5. DAL
POSTIMPRESSIONISMO
AL SIMBOLISMO >> Il Postimpressionismo
L’astrazione del dato naturale
Anni più tardi, ma sempre in Provenza, Cézanne trascorre giornate intere a osservare la montagna Sainte-Victoire.
Al pari di quello che fu la cattedrale di Rouen per Monet, Cézanne dedica almeno venti
versioni tra olii e acquerelli al promontorio non distante da Aix-en-Provence.
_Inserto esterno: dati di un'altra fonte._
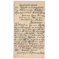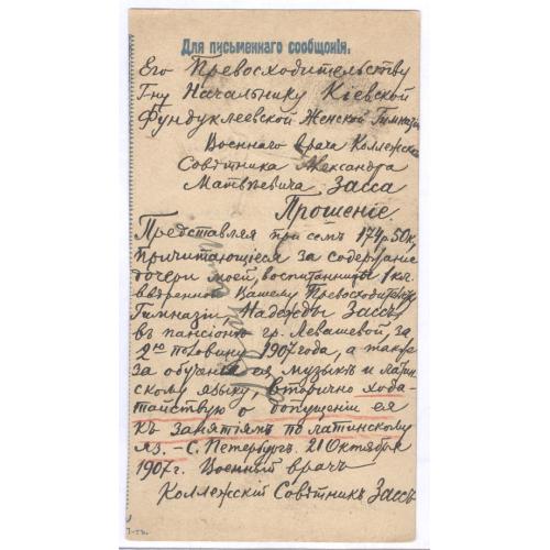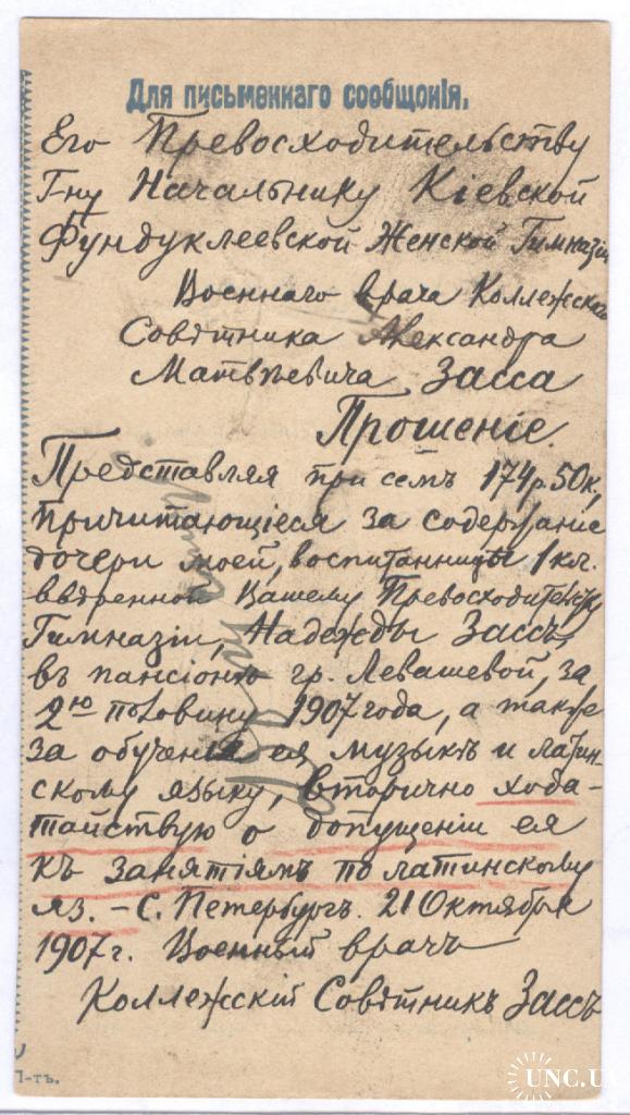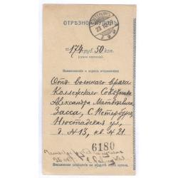 Отрезной купон денежного перевода 174 рубля 50 копеек, отправленного Военным врачом Коллежским Советником Александром Матвеевичом Зассом из С. Петербурга 23 октября 1907 года в Киевскую Фундуклеевскую Женскую Гимназию и в Пансион графини Левашовой за содержание и обучение его дочери Надежды Засс.
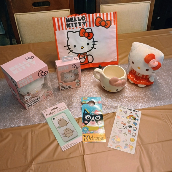 Cute Hello Kitty Gift Set. Includes themed tote, wireless speaker, wireless headphones mug, plush and stickers. Pink and white color scheme. Charming for birthday parties, Easter, and gift giving.
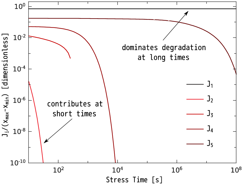 Figure 5.4a demonstrates the time dependences of the integrals Ji calculated for Vds = 7.25V. The terms Ji reflect the fraction of "virgin" bonds and a decay in Ji means that the dissociation process was triggered during this time period. It is evident that the "tip" of the AI peak (the term I2 of the AI and the J2 in ΔIdlin affects Idlin rather weakly already at t = 10s. In fact, I2 varies approximately in the range of 1034-1035a.u. (Figure 5.2a) and the criterion νtI1∼1 leads to bond-breakage events predominately triggered within the time period of 0.2s to 2s. In contrast, I1 varies by more than 11 orders of magnitude and thus J1 contributes to ΔIdlin over several decades and defines the degradation at long times. These considerations are summarized in Figure 5.4b where the time-dependent values of some Ji terms are substituted with constants. For instance, the term J1 does not substantially change during several decades (Figure 5.4a) and thus may be represented by the value J1(t=0). Figure 5.4b shows that during the time period of 0..104s terms {J2,J3,J5} are not significant and may be omitted.
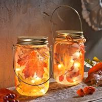Krásné dekorativní světlo vytvoří příjemnou atmosféru na parapetu, polici či v obývacím pokoji. Díky provozu na baterii jej můžete položit kdekoliv, bez ohledu na blízkost zásuvky. Díky funkci časovače se světlo automaticky vypne po 6 hodinách. Tato dekorace je navržena jako klasická sklenice s kovovým víčkem, v němž je diskrétně skrytý prostor pro baterie. 5 teple bílých LED diod osvětluje podzimní listí v oranžovočervených odstínech. Dodáváno včetně závěsu.

Muta appena il suo punto di vista,
fissato nel suo studio a Lauves, esattamente sulla collina di fronte a Sainte-Victoire.
La montagna Sainte-Victoire vista dai Lauves
La versione terminata nel 1906 (9) è la stessa che viene esposta
in occasione della personale al Salon d’Automne del 1907, quando l’artista era già scomparso da mesi.
Essa esemplifica l’evoluzione del percorso linguistico di Cézanne, che da un esordio ancora attribuibile,
pur con alcune forzature, all’ambito impressionista giunge a sfiorare l’astrazione. Ogni elemento
del paesaggio è scomposto geometricamente: le volumetrie sono rese per tessere di colore autonome rispetto a un contorno ormai frantumato. Cezanne confessa a Émile Bernard nel 1905 di perseguire
con ostinazione «la realizzazione di quella parte della natura che, cadendo sotto i nostri occhi,
ci dona il quadro. Per me, vecchio di quasi sessant’anni, le sensazioni di colore che genera la luce
sono causa di astrazioni che mi impediscono di comporre la tela e di raggiungere il limite degli
oggetti quando i punti di contatto sono tenui, delicati; per questo accade che l’immagine o il quadro
siano incompleti». Il pittore supera l’immediatezza del dato sensibile per tradurlo in un’immagine
che perdura nel tempo, che lega indissolubilmente l’oggetto all’osservatore. La pittura di Cézanne
richiede uno sforzo intellettuale; è l’occhio umano che deve ricomporre le
campiture e riconoscere il soggetto e la prospettiva in un vorticoso incrocio di pennellate. Anche la linea dell’orizzonte
è appena percettibile alla base della montagna. I colori si accostano e talvolta si sovrappongono
in una scelta limitatissima che individua gli elementi essenziali del soggetto: il blu del cielo,
il verde della vegetazione, gli ocra della terra e i grigi delle costruzioni, lasciando spesso zone
aperte, in cui il bianco dell’imprimitura di base anima ulteriormente la scena e rende arioso l’insieme.
È Cézanne stesso a dichiarare apertamente l’intento della sua pittura. «Ora, la natura, per noi uomini,
è più profonda che in superficie, e da ciò la necessità di introdurre nelle nostre vibrazioni di
luce, rappresentate dai rossi e dai gialli, una somma sufficiente di colori azzurrati per far sentire
l’aria». L’evoluzione
della pittura di Cézanne appare ancora più evidente nel confronto tra il dipinto esposto nel 1907 e una versione
dello stesso soggetto realizzata attorno al 1890 (10). Al principio
l’artista tiene ancora conto di elementi compositivi canonici: un muro in primo piano, assieme agli
alberi poco distanti, definisce la scansione della prospettiva. Gli elementi del paesaggio sono ancora
chiaramente riconoscibili: il bosco, le case, l’acquedotto romano in lontananza e il profilo definito
della montagna. Le tinte, pur con una certa predominanza di verde, ocra e grigio, mantengono un legame
con la realtà e sembrano accese dalla luce calda del Sud.